关键词 > MTH6991/MTH791U/MTH791P

MTH6991/MTH791U/MTH791P Computational Statistics with R Exercise Sheet 3 Spring 2023

发布时间：2023-03-03

Hello, dear friend, you can consult us at any time if you have any questions, add WeChat: daixieit

MTH6991/MTH791U/MTH791P

Computational Statistics with R

Exercise Sheet 3

Spring 2023

Problems for handing in

1. (50 marks)

This question uses a dataset on QMPlus, which is not the same as the dataset for the first two exercise sheets. For each student, there should be a file called “exercise3 XYZ.txt”, where XYZ is your ID number (you need to be logged in to QMPlus). If you cannot see a file, please send me an email.

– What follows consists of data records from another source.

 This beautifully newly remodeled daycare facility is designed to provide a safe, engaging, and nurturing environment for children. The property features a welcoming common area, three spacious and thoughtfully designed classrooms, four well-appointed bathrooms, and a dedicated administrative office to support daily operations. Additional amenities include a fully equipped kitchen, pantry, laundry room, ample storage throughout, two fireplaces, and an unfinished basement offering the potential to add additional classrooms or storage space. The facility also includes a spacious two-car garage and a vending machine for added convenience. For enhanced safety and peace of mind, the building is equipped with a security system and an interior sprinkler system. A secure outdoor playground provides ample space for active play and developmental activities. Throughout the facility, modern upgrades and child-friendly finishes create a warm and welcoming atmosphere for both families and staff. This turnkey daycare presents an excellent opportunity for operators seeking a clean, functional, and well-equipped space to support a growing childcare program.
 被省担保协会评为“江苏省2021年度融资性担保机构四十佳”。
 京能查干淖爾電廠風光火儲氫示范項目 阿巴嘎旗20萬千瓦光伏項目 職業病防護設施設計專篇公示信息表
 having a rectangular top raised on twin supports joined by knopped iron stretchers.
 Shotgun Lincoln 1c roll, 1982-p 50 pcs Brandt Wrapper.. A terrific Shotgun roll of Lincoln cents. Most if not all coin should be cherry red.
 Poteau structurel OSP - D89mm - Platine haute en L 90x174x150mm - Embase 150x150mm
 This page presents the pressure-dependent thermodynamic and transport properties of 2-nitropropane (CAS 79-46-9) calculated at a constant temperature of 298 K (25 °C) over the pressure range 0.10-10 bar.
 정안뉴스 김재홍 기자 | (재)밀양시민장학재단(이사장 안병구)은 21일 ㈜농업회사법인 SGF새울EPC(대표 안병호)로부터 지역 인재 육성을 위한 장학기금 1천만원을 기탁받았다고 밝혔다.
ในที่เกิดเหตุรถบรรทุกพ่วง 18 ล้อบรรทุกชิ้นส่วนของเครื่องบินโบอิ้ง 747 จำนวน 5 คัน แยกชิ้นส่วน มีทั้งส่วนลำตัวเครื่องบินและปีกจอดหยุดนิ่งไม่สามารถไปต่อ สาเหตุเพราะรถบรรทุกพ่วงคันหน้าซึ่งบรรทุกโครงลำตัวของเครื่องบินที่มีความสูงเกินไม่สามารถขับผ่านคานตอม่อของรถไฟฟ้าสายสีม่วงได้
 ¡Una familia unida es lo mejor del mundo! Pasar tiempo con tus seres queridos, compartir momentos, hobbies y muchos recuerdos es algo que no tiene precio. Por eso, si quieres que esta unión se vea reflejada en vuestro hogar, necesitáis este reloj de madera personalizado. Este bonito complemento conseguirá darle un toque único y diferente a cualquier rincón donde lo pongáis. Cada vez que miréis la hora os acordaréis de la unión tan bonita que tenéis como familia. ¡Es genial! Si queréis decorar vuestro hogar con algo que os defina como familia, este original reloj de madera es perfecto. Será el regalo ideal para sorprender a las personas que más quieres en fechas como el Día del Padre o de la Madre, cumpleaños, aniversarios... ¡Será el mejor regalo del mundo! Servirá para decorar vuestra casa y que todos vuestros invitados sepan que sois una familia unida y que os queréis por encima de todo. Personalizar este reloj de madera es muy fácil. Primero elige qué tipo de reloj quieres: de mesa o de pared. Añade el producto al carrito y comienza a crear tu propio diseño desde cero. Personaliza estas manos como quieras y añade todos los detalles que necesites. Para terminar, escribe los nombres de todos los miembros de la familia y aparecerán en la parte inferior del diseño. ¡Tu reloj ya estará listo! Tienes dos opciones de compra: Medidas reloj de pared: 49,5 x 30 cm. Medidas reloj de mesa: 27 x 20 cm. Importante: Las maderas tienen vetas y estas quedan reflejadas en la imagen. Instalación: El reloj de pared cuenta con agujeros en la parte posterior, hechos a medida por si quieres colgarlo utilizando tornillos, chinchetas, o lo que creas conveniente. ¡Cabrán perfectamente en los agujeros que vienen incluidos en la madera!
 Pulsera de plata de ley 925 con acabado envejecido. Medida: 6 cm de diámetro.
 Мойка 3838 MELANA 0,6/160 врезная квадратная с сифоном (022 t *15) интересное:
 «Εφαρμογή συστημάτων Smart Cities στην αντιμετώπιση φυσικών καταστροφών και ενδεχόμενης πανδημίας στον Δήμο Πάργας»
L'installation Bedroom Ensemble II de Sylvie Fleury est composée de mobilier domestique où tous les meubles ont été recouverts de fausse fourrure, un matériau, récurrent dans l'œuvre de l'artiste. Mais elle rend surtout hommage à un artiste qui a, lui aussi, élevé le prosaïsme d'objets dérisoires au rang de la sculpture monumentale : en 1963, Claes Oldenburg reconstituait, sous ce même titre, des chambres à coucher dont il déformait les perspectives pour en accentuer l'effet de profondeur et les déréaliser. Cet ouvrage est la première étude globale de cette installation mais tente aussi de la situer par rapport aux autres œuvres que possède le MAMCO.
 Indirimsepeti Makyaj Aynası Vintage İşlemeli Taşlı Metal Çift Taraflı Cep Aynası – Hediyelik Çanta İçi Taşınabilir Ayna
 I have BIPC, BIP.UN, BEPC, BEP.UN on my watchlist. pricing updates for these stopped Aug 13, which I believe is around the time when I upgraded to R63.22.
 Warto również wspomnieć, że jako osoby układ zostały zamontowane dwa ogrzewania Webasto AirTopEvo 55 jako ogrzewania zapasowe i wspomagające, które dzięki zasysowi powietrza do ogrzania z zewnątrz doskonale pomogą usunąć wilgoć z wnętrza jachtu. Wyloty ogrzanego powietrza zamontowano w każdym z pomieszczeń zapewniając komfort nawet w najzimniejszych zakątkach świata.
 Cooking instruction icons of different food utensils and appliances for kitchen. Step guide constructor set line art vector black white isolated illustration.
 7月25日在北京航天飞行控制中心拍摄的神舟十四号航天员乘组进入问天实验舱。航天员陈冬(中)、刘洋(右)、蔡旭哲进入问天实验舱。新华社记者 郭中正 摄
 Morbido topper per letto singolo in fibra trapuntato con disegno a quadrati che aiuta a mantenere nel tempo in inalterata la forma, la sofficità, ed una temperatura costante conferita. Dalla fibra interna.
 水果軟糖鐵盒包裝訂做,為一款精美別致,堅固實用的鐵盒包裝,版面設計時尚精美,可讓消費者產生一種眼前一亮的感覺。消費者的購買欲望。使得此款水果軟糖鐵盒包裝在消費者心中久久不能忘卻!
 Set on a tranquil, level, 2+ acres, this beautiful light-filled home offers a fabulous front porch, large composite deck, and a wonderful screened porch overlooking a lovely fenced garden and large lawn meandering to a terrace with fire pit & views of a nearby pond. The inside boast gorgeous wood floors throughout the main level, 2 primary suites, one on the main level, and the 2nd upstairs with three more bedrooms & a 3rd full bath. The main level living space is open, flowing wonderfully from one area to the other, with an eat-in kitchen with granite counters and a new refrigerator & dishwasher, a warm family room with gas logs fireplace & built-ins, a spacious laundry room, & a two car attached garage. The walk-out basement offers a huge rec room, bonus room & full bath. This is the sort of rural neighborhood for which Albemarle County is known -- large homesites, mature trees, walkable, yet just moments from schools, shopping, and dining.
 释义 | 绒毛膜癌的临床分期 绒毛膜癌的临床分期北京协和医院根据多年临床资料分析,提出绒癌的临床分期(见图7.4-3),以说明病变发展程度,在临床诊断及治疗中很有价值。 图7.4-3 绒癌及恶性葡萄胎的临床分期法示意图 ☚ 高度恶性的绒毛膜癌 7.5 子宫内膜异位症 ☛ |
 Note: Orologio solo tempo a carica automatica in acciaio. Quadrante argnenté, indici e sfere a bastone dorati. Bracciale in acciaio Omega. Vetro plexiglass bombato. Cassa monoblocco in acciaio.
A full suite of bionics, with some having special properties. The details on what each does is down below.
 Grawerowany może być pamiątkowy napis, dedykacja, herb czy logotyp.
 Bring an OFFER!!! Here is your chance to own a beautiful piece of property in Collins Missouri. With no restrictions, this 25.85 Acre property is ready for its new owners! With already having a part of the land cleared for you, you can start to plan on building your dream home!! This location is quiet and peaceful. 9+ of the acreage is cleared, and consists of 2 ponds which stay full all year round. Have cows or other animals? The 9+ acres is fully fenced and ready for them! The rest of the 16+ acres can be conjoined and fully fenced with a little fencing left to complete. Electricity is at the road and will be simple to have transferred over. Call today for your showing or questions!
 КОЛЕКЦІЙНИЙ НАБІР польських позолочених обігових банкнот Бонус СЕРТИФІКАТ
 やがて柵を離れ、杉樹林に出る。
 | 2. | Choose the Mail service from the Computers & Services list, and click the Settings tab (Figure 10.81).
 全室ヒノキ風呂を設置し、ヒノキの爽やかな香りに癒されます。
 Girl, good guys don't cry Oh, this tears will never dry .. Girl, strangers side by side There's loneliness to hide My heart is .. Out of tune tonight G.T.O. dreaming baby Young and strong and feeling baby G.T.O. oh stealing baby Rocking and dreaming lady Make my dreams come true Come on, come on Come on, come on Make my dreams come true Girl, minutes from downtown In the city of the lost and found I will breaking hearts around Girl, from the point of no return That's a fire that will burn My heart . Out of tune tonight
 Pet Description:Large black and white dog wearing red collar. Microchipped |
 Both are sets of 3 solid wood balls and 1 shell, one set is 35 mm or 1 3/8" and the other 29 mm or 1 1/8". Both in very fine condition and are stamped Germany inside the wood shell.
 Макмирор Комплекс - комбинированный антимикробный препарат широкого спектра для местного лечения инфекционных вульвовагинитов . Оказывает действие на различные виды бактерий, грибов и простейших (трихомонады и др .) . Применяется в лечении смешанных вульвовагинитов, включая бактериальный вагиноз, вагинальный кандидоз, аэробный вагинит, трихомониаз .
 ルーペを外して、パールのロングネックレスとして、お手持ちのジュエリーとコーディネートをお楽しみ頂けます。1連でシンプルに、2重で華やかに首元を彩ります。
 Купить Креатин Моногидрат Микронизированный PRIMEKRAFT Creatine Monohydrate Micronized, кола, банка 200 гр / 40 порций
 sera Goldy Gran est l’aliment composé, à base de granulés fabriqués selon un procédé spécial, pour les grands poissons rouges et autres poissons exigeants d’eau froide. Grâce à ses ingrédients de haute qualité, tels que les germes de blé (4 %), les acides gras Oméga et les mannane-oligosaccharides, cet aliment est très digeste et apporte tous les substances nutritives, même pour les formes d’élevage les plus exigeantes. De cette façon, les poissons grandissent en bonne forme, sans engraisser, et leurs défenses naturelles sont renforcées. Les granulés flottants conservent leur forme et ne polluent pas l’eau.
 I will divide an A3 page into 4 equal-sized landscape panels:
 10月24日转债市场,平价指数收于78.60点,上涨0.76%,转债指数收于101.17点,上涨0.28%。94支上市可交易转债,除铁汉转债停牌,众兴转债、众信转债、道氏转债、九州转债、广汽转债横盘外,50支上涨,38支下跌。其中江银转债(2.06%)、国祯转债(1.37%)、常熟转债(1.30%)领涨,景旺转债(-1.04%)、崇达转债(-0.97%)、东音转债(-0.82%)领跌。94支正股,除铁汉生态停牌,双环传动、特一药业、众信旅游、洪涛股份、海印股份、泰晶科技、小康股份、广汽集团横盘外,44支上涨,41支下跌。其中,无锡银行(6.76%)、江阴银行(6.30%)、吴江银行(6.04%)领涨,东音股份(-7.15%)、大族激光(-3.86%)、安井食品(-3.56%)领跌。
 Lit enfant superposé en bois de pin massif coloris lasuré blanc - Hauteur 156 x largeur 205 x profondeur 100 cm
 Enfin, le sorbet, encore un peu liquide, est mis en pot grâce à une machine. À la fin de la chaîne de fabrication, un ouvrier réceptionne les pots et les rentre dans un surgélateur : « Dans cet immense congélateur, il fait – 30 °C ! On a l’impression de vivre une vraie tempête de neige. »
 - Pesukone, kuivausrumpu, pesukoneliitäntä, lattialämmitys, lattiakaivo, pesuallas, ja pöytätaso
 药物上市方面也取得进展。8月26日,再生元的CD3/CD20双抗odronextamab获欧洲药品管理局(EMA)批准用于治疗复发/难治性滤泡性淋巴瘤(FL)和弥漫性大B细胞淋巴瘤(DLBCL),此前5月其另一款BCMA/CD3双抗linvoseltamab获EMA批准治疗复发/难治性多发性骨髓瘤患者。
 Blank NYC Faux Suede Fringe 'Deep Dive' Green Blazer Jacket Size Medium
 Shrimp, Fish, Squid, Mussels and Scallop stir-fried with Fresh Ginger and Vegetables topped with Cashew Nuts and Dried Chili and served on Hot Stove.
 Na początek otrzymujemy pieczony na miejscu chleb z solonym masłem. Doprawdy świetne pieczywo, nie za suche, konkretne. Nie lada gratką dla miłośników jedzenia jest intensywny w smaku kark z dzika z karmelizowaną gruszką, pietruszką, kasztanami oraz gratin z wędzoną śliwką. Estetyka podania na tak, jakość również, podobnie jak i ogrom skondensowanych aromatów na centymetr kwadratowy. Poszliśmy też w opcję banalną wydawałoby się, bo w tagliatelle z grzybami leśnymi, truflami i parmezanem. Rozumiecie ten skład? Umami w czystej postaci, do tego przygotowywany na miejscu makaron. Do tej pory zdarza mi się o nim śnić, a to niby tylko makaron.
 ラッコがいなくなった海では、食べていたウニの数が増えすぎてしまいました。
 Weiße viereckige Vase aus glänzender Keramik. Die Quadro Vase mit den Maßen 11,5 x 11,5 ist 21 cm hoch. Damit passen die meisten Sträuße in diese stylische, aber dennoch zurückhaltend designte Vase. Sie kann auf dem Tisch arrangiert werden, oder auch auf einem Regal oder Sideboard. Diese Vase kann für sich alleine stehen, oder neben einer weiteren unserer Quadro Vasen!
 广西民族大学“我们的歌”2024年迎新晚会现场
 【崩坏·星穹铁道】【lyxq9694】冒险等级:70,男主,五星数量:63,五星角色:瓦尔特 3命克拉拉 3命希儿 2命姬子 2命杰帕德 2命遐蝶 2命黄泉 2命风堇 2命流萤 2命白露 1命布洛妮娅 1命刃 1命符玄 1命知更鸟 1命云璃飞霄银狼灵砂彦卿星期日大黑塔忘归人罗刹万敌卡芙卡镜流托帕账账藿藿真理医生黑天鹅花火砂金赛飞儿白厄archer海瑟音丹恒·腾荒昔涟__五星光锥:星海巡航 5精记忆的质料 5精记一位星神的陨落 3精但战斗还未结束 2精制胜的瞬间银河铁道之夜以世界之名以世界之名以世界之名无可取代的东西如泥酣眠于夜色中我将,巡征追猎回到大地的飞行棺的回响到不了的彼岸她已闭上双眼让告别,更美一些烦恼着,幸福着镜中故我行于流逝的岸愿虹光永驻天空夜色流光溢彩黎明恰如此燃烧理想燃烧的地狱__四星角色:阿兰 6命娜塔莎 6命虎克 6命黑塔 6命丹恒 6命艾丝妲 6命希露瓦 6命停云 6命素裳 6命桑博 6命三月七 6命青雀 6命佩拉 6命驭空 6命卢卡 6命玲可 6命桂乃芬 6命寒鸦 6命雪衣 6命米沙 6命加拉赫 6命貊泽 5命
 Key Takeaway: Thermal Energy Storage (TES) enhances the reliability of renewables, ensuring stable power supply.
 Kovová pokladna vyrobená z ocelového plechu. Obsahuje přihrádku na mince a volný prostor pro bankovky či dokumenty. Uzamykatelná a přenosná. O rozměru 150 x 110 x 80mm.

Hand in: an R script with all the R code used, plus a separate file with your solutions - write the solutions (briefly) in your own words rather than copying and pasting any console output from R.

The dataset contains two columns, labelled“before” and “after”. Assume these are the test marks for each student in a class before and after some extra teaching sessions. We want to find out if there is a difference between the marks for each student, without assuming the data are normally distributed.

(a) Which type of data is this? Motivate your answer, also explaining the main dif-

ferences between (two-sample) independent data and (one-sample) matched pair data.

(b) For this part, do the calculations by hand (and calculator). Using only the first

three rows of the dataset, calculate the test statistic for the permutation test, which is the sum of the differences between the marks. Then find the null distribution for the permutation test of whether the before and after marks have the same distribution. Finally, calculate the p-value considering the alternative hypothesis of having different distributions.

(c) For this part, use the whole dataset. Use wilcox .test in R to test at the 5% significance level whether there is a difference in the before and after marks. Note that there are almost certainly tied values in the full dataset, so you will need to use a normal approximation.

Additional problems

2) For this part, use the first six rows in the question 1. dataset. By hand, calculate the Wilcoxon signed-rank statistic W+ based on the differences between the before and after marks. Hence, using the dsignrank or psignrank functions in R calculate the

p-value for whether there is a difference in the marks.

Check this using wilcox .test.

3) Refer to the Student t-test paper referred to in practical 4.

(a) What is the p-value reported for the sleep data, testing whether measurement 2 is

greater than measurement 1? How does this compare with the p-value that you found with the permutation test at the end of practical 4?

(b) Carry out a one-sample, one-sided t-test for the same comparison. Does this agree

with the paper? Also do a t-test of whether each set of measurements x and y is greater than 0 and see if these agree with the paper.